While debugging a flaky restate E2E test (InvokerMemoryTest) we observed the SDK keeping its HTTP/2 response stream open for the full 5-second runtime drain timeout when the runtime closes the request stream mid-attempt (e.g., on OOM yield).

Tracing the path:

  • HttpRequestFlowAdapter.handleRequestEnd (sdk-http-vertx/src/main/java/dev/restate/sdk/http/vertx/HttpRequestFlowAdapter.java:95) → inputMessagesSubscriber.onComplete() on EOS.
  • StateMachineImpl.onComplete (sdk-core/src/main/java/dev/restate/sdk/core/statemachine/StateMachineImpl.java:160) → currentState.onInputClosed(stateContext) then triggerNextEventSignal().
  • WaitingStartState / WaitingReplayEntriesState correctly throw → hitError → response closes. ✓
  • The default onInputClosed in State.java:195-198 (used by ProcessingState) only marks input closed; it doesn't transition or close the response.
  • ProcessingState.doProgress (ProcessingState.java:83-90) does close the response (hitSuspended) — but only when called and only if no run is currently executing.

Scenario that hangs: the user coroutine has emitted a ProposeRunCompletion and is parked awaiting the ack. Server EOSes the request → onInputClosed marks input closed → triggerNextEventSignal runs whatever listener was registered, but the awaiting-ack coroutine isn't necessarily that listener, so it never re-enters doProgress. The response stays open until something else (eventually) pokes the state machine.
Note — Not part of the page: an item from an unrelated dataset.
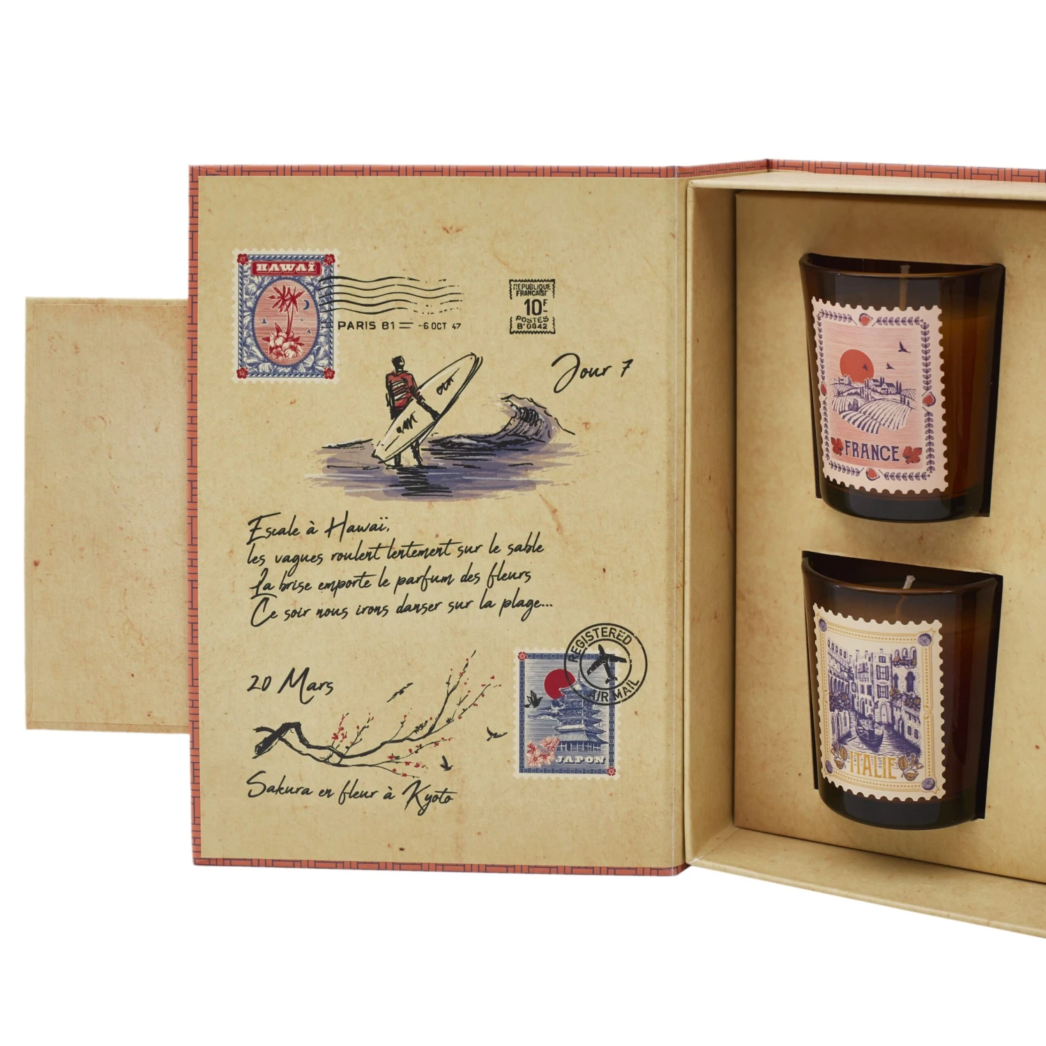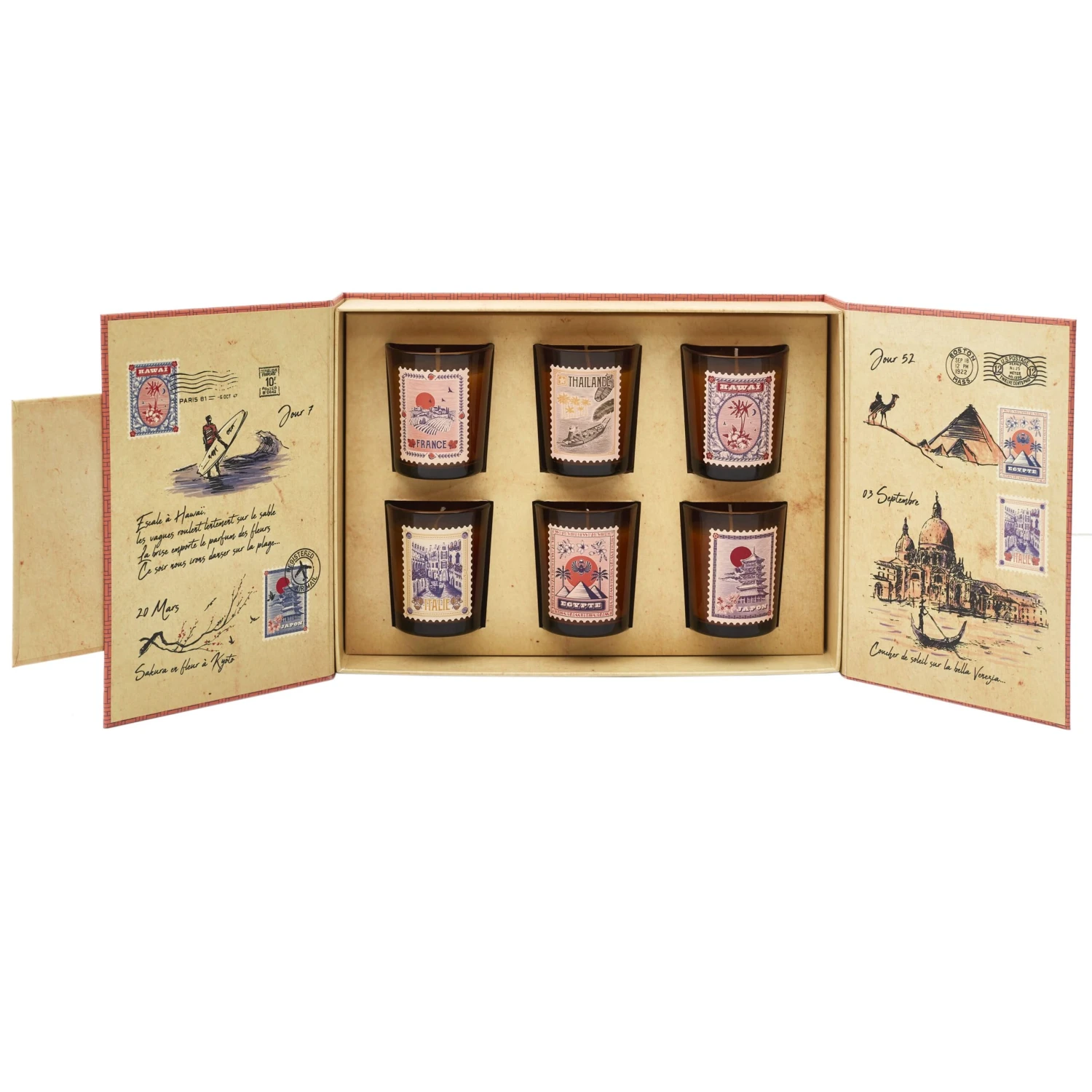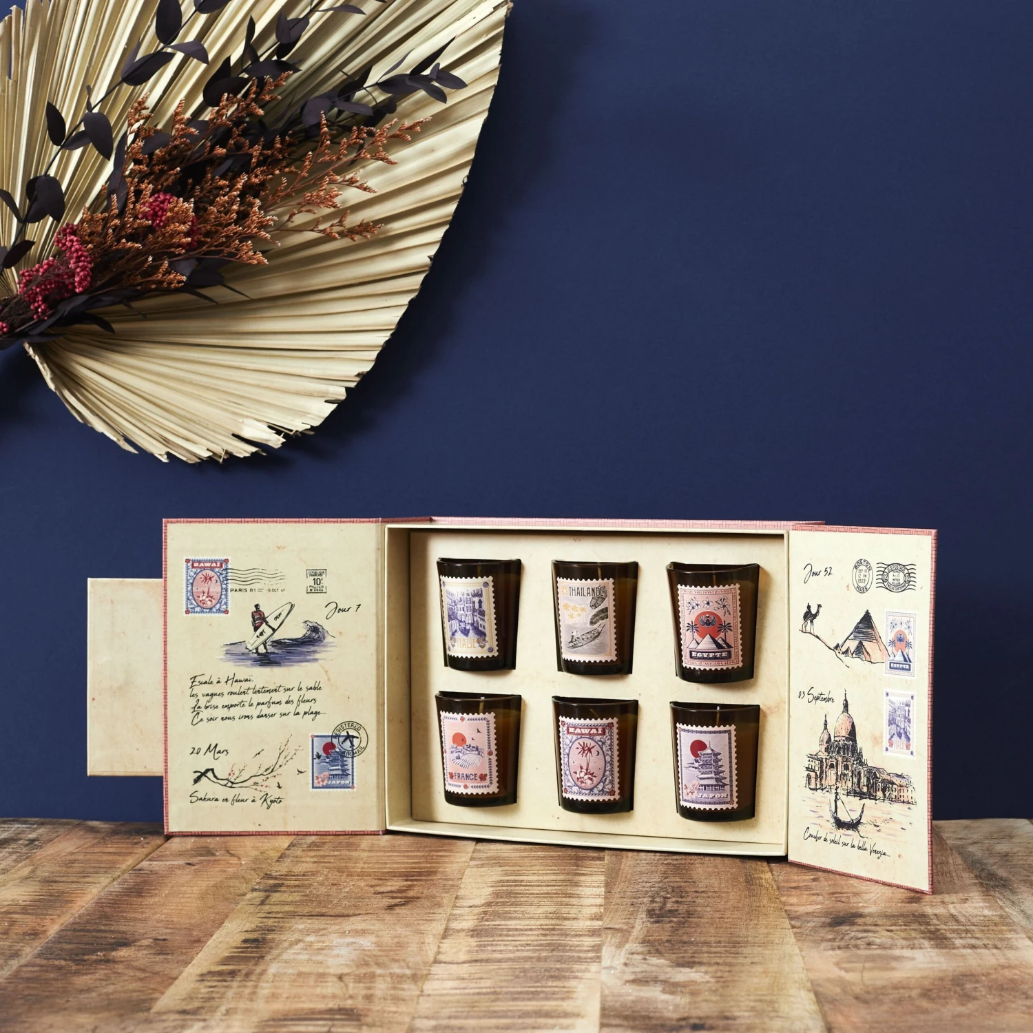 Laissez-moi vous emmener dans un voyage sensoriel avec notre Coffret de Bougies Parfums du Monde. Ce coffret contient une sélection exquise de bougies parfumées, inspirées des destinations les plus envoûtantes du monde entier.

Question: is this intended? Options to investigate:

  1. Have onInputClosed in ProcessingState (and similar) actively schedule a re-run of doProgress so the state machine can decide to suspend.
  2. Cancel any pending user-code coroutine that's awaiting a completion when input closes.
  3. Document the current behavior as a deliberate contract (the runtime must drain) and accept the 5 s tail.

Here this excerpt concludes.